As noted by Judge DeVesa, defendant's allegations of trial error are either unsupported by the record, were addressed on appeal, or do not meet either prong of the Strickland test to establish a claim for ineffective assistance of counsel. See Strickland v. Washington, 466 U.S. 668, 687-94, 104 S.Ct. 2052, 2064-69, 80 L.Ed. 2d 674, 693-98 (1984) (in order to establish a claim for ineffective assistance of counsel, a defendant must meet the two-prong test of showing that his counsel's performance was seriously deficient in that it fell below an objective standard of reasonableness measured by prevailing professional norms and that the defect in performance prejudiced his right to a fair trial and affected the outcome of the case).

Contrary to defendant's assertions, trial counsel did argue the legality of defendant's arrest in New York City, contending the police lacked probable cause. The trial court rejected the argument, finding the evidence available to the police at that time "overwhelmingly suggest[ed] that [defendant] was somehow involved in the kidnapping and the murder of Eddie Acevedo." Defendant's second assertion, that his trial counsel failed to file a motion to suppress his confession, is also belied by the record. A lengthy Miranda hearing was conducted, during which uncontroverted testimony was presented that defendant was read warnings twice in Spanish, defendant's primary language, by a Spanish-speaking detective. The trial judge found defendant was apprised of his Miranda warnings, his subsequent statements were voluntary, and under the totality of the circumstances the confession was admissible. Defendant's assertion that his trial counsel failed to object to the sufficiency of the indictment is also not factually supported. To the contrary, defense counsel filed a motion to dismiss various counts of the indictment on August 30, 1999, which was denied.

The instructions on accomplice liability were sustained on defendant's direct appeal and thus cannot be reconsidered in a subsequent PCR application. R. 3:22-5. Moreover, although defendant's claims of trial counsel's deficiency in failing to make hearsay objections should have been raised on direct appeal, nonetheless, Judge DeVesa reviewed each of the instances asserted in defendant's PCR petition and determined that the majority of them met an exception to the hearsay rule. As to the others, the court was satisfied that counsel was entitled to deference in terms of strategy by not repeatedly objecting to all possible types of hearsay.

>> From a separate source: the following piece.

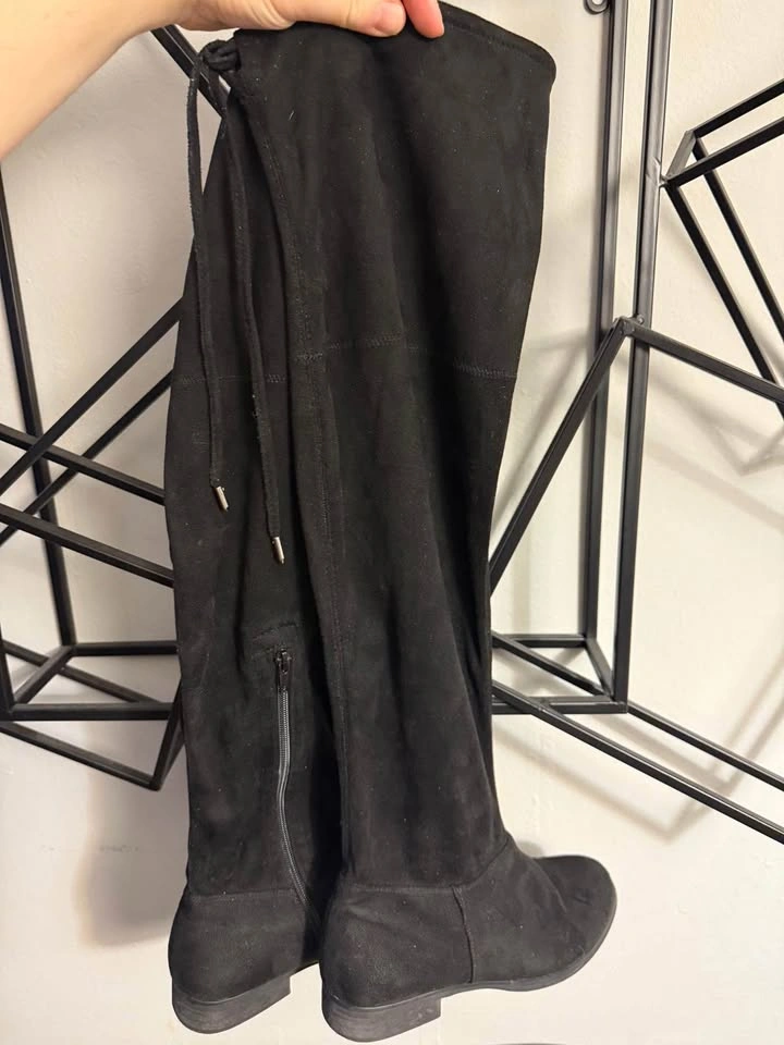 Over the knee boots, black, suede-like, size 7.5. Only worn a couple of times and have been stored otherwise, too small for me now is why I’m selling. Shaft height is ~21 inches from the ankle seam, pretty flat ~1 inch heel height Closest intersection for pick up is Queen St W & John St, or College & University during work week. May be able to meet elsewhere depending on location. $25 or open to offers

It is well within the discretion of appellate counsel to limit the number of arguments raised on appeal to put forth his or her client's best points. Indeed, the partial success achieved by defense counsel on appeal suggests that appellate counsel advanced strong arguments on his client's behalf. Appellate counsel cannot be faulted for making a tactical decision not to raise losing arguments on appeal, such as the legality of defendant's arrest or the suppression of defendant's statement.